My wife befriended Zarah and she regularly came to our house for dinner. She ate very little, but raved about the tastiness of the jasmine rice that we served. She ate little meat and refused most vegetables. She was quite thin, and had sunken, hollow cheeks from missing teeth. The aid worker who had introduced her to a toothbrush as a teenager was many years too late to save most of her molars. Her wisdom teeth had plenty of room when they erupted in her early twenties. At 23, she could readily pass for 40.
Zarah generally dressed in jeans and a t-shirt. She did not cover her head when in the US, although she was an observant Muslim. One day she gave a scarf to my daughter for a birthday. My wife and I watched amazed as Zarah demonstrated how “wonderful” it was to wear the hijab. She covered her head and held an end of the scarf in front of her face so that just her eyes were showing. Her eyes sparkled and laughed in a way she had never shown us before. My wife and I were frankly uncomfortable at this lesson being taught to our daughter, but we agreed to discuss it with her in private. It was the first and only time we had seen Zarah so animated. She clearly derived some power from the ability to manipulate men through selectively revealed secrecy.

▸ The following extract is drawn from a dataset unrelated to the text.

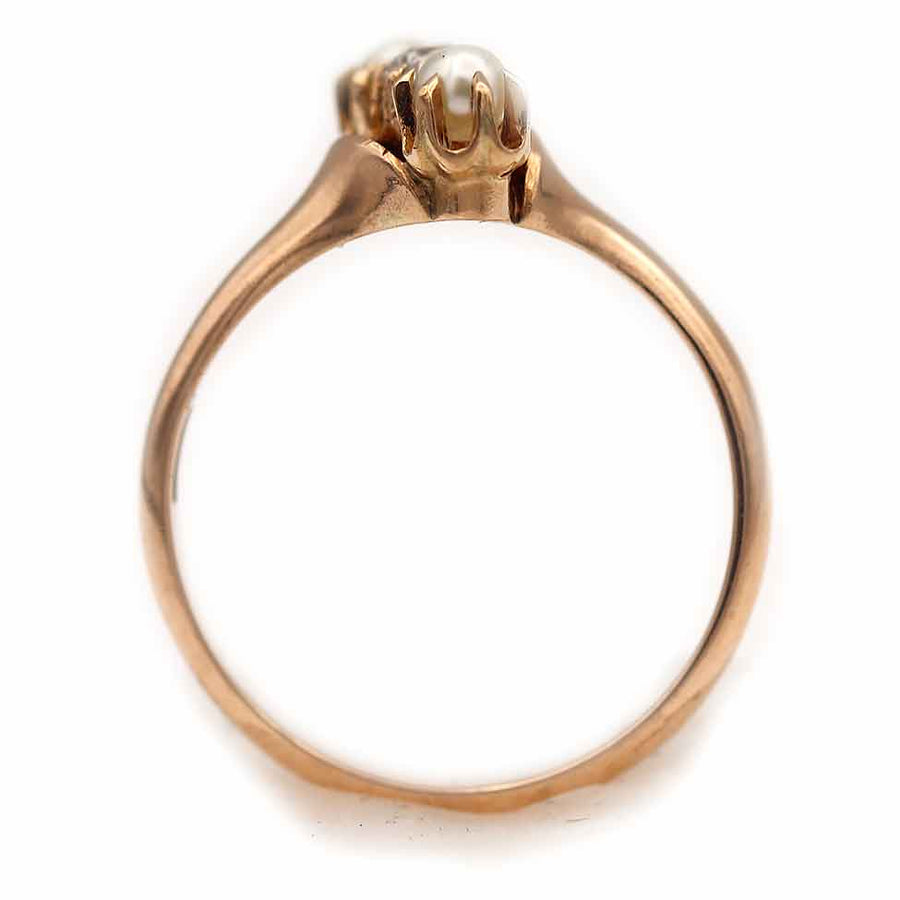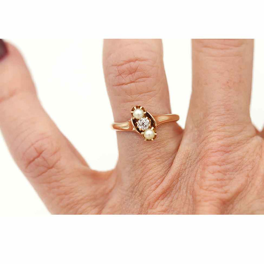 The Karrinn ring is an authentic vintage engagement ring from the Victorian era, circa 1900's. This ring features a prong set .15 carat old mine cut diamond of G color and SI1 clarity, surrounded by two (2) north-south seed pearls. Beautifully crafted in 10 kt rosy-yellow gold, this ring is as sweet and lovely as can be.

Zarah’s attempt at feminine manipulation, and the natural way she fell into it, stood in stark contrast to her educational experience. She spoke Urdu, Pashto, Dari, and English. On the surface she had much admirable life experience. She had survived the camps, and managed to get herself to the US for a free tertiary education. Yet everything was not as rosy as it first appeared. Her primary schooling had been abysmal if not absent. It seems naive in retrospect for anyone to think that she could be thrown directly into a US university. She managed to pass most classes but showed an almost profound lack of insight. She was missing basic geography, an understanding of political systems, and had effectively no understanding of mathematics. She was also missing a lot of the grammar she needed to write her assignments. It was not just that she came to English late. She did not understand those concepts in any other language. She spoke something more akin to trade creoles, being functionally illiterate but able to get by in daily activities. Her attempts at translation for the US military had not gone well. The economics degree that she earned could not, in the end, be compared fairly to those earned by her classmates.
Bernadette told a story to change the topic. She named a date that seemed impossibly early to Zarah who, by noticing the ages of our children, presumed us to be in our early thirties. When corrected that we were in our late forties, Zarah’s face registered shock and disbelief. “In my country, you would be dead!” she exclaimed. Indeed, life expectancy in her home country was then a shocking 42 years of age. Zarah’s father was 44 at the time and had been invalided for no obvious reason for some years. Life expectancy has since skyrocketed to around 60 for babies born in 2015, presuming the country manages to maintain some form of peace.
Zarah’s experience resonates with the tradeoffs of modern tribal life. She felt a deep sense of belonging, but suffered greatly from the lack of safety. She felt strongly attached to her relatives, but had few friends. She was in constant contact with her sister, studying in Japan, via Skype. She had no conception of how the Internet worked. The other Afghan girls at the university would not include her in their social circle because she was not from the right family. She had entered a global world and felt very much the fish out of water. In the end, she elected to remain in the United States instead of returning home. The threat of physical violence overcame the lure of the tribe. She is currently undergoing dental reconstructive surgery.